Risalah Mujahidin – DAISY (Ad-Daulah al-Islamiyyah fie al-Iraq wa Syam) yang kemudian lebih mendunia dengan nama ISIS (Islamic State in Iraq and al-Sham), yang dideklarasikan oleh Abu Bakar al-Baghdadi pada tanggal 9 April 2013, merupakan negara baru, sekalipun tak satu pun negara di dunia ini yang mengakuinya sebagai negara yang berdaulat. Dalam sebuah rekaman suara yang disiarkan pada Ahad, 29 Juni 2014, milisi bersenjata pimpinan Abu Bakar al-Baghdadi itu menyatakan, berdirinya khilafah dan menjadi pemimpin bagi umat Muslim di seluruh dunia, seperti diberitakan Al-Jazeera, Senin, 30 Juni 2014.

Dalam siaran tersebut, Baghdadi mengumumkan, bahwa ISIS saat ini telah menjadi sebuah Negara Islam, yang batas wilayahnya diklaim meliputi sepanjang garis lurus Provinsi Diyala, Irak, hingga Provinsi Aleppo, Suriah.

“Dewan Syura Negara Islam telah bertemu dan membicarakan masalah khilafah. Negara Islam memutuskan membentuk khilafah Islam dan menunjuk seorang khalifah untuk negara-negara Islam,” ucap juru bicara ISIS, Abu Mohammad al-Adnani.

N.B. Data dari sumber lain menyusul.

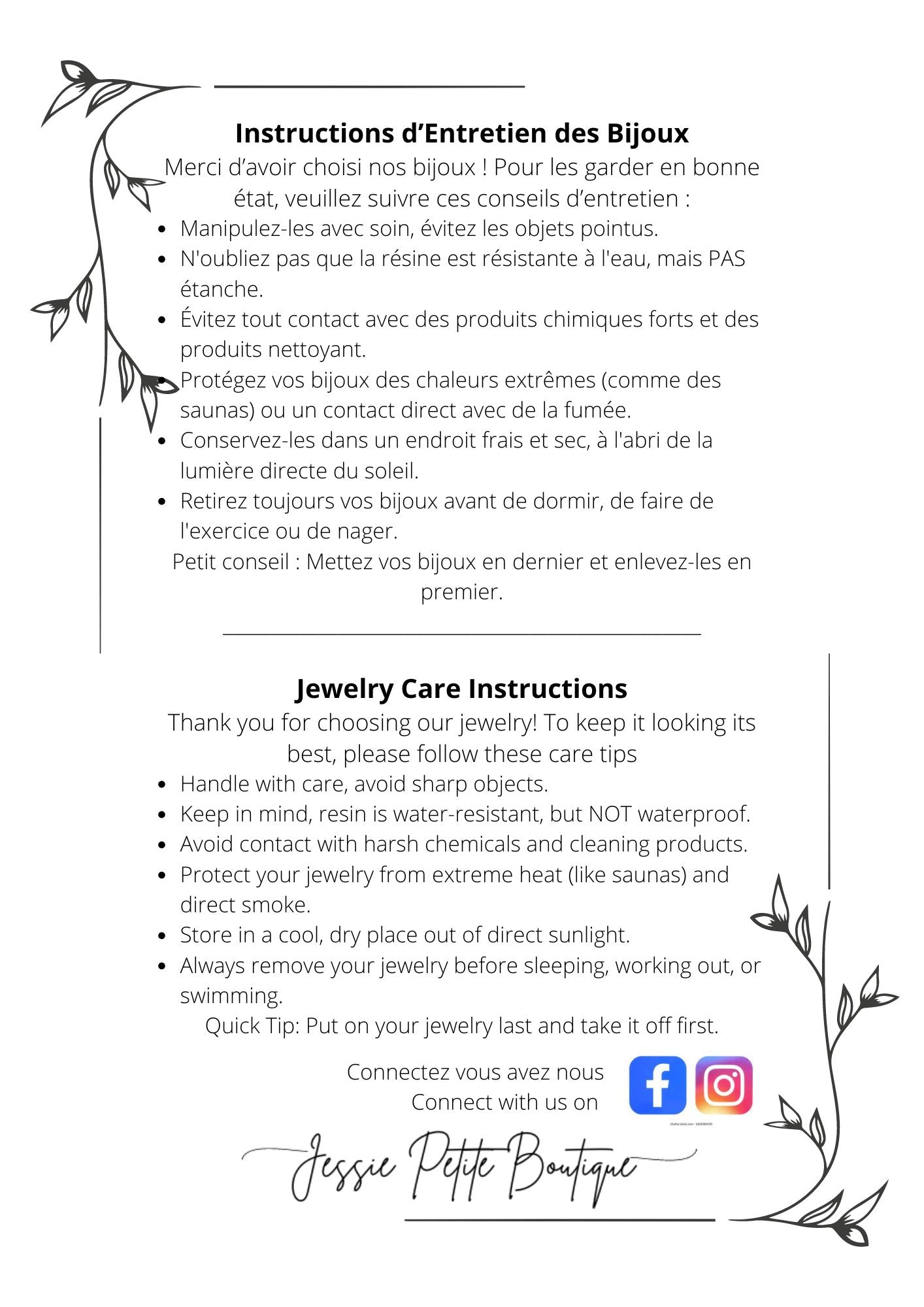 Care Instructions:We recommend removing your jewelry when exercising, showering/bathing, or sleeping. Avoid any contact with household products, creams/lotions, and smoke. Store them in a clean, dry place. You can polish your jewelry with a microfibre cloth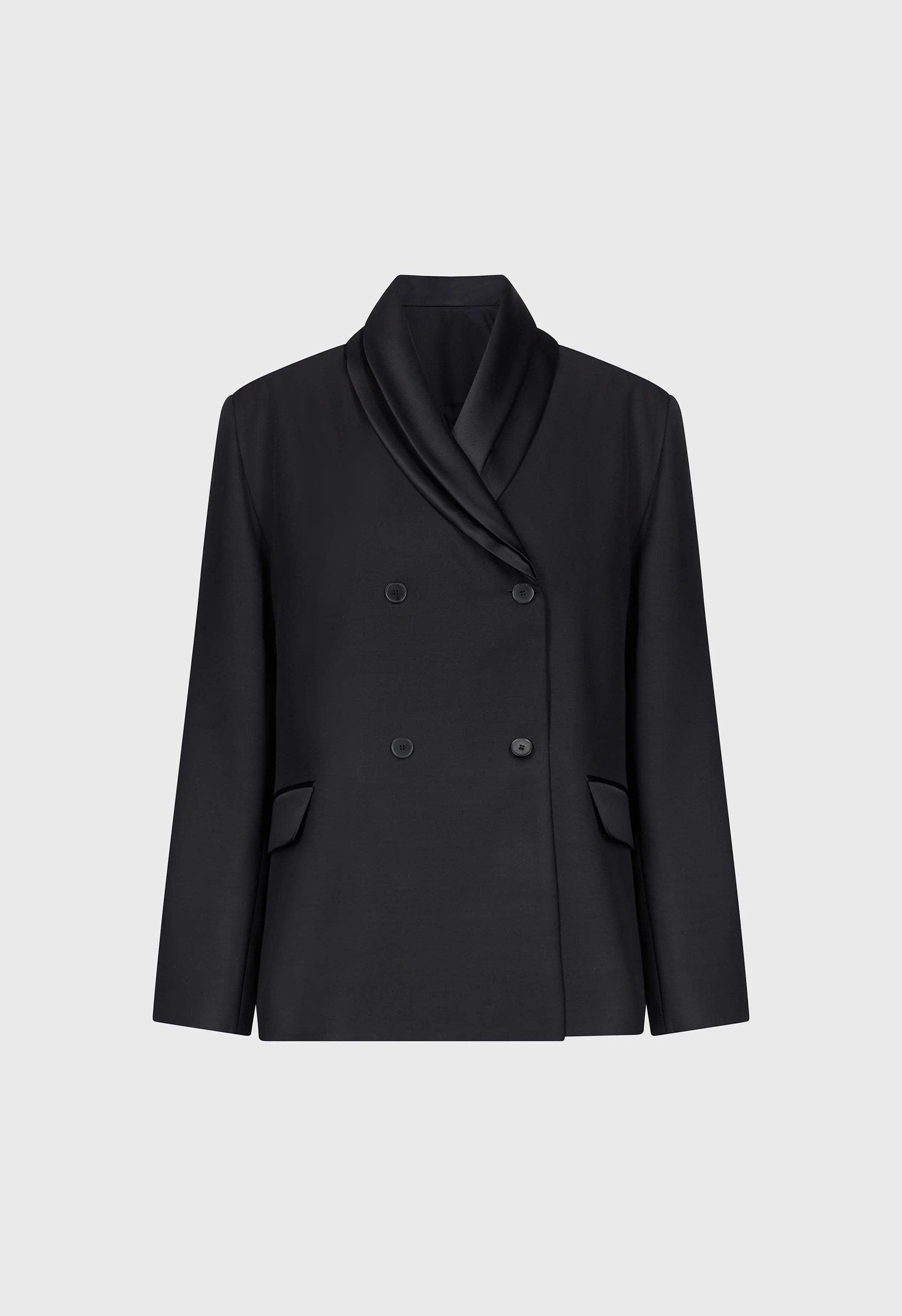This jacket is made of double face satin viscose wool with a delicately shiny finish. Its straight, ample fit is complete with a double breasted buttoning and a draped shawl collar that brings depth to the silhouette. Two side flap pockets complete the details. It can be worn with the Mahoney trousers in the same fabric to create a total look.

Kendati secara de jure belum mendapat pengakuan negara-negara lain, tapi klaim setahun lalu, tepatnya Maret 2014, ISIS telah menguasai wilayah seluas 400.000 km2 yang ada di wilayah Irak dan Suriah. Klaim itu menggambarkan wilayah kekuasaannya lebih luas dari beberapa negara Arab seperti Qatar, Emirat Arab, Bahrain, Yaman, dan Lebanon.

Eksistensi ISIS sebenarnya memiliki kaitan erat dengan gerakan jihad global, yang menghimpun berbagai unsur berbeda untuk bertempur di Irak dan Suriah melawan rezim penguasa Bashar Assad. Di medan tempur, mereka terbagi-bagi di bawah sejumlah front perlawanan. Dengan kondisi tersebut, dimunculkanlah nama organisasi yang menyebut dirinya “Ad-Daulah Al-Islamiyah” (Islamic State). Nama itu, ternyata memiliki kekuatan magnet spiritual yang sangat kuat, sehingga mampu memikat banyak pasukan dari berbagai daerah di medan perang untuk menyatakan kesetiaannya di bawah organisasi payung yang besar.

Al-Jazeera memberitakan, mayoritas pasukan organisasi Daulah Islamiyah ada di Suriah. Pasukan itu terdiri dari orang-orang Suriah, namun mayoritas personil pasukan datang dari luar Suriah yang sebelumnya memiliki pengalaman perang di Irak, Chechnya, Afghanistan dan berbagai medan tempur lainnya. Sebaliknya di Irak, mayoritas pasukan Daulah Islamiyah adalah orang-orang Irak sendiri. ISIS mengklaim memiliki pejuang dari Inggris, Prancis, Jerman, dan negara Eropa lainnya, seperti AS, dunia Arab dan negara Kaukakus.

Propaganda ISIS

Magnet spiritual ISIS bahkan mampu menembus tembok penjara di berbagai negara. Contohnya, sekelompok narapidana terorisme di penjara Nusakambangan, Cilacap, Jawa Tengah, ditengarai pernah mendeklarasikan kesetiaannya pada Khalifah Al-Baghdadi. Bahkan di beberapa daerah, juga diisukan adanya kelompok yang melakukan baiat kepada Baghdadi, tidak peduli kejahatan yang dilakukan ISIS dan di mana pun dia berada. Yang penting, kata mereka, ada tokoh yang menyuarakan Negara Islam dan telah membuktikan keberhasilan langkah militernya untuk menguasai sebuah negara.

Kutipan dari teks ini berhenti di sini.